Except port 838 doesn't carry much of anything anymore.
The NetInfo Era
Some sources identify port 838 as historically associated with NetInfo—Apple's directory service system used in Mac OS X for network and system configuration in the early 2000s.12 NetInfo handled things like user accounts, network settings, and system information across Mac networks using RPC (Remote Procedure Call) mechanisms.
NetInfo was deprecated and replaced by Open Directory in Mac OS X 10.5 Leopard (released October 2007). The service has been gone for nearly two decades. Yet the port reservation remains.
Current Status
The official IANA registry status for port 838 is ambiguous.

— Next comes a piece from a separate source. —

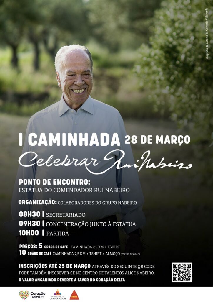 No próximo dia 28 de Março, data de aniversário do Comendador Rui Nabeiro, realiza‑se a primeira caminhada em sua homenagem, uma iniciativa que parte de um grupo de colaboradores de Campo Maior para celebrar o legado humano, social e empresarial do fundador do Grupo Nabeiro – Delta Cafés.

Some unofficial port databases list it as assigned to something called "DPMTF" (Desktop Protocol Management Task Force), but there's virtually no documentation about what this service actually does or whether it was ever deployed.3
In practice, you're unlikely to find anything listening on port 838 on modern systems. It's effectively unassigned—a reserved number that carries no traffic.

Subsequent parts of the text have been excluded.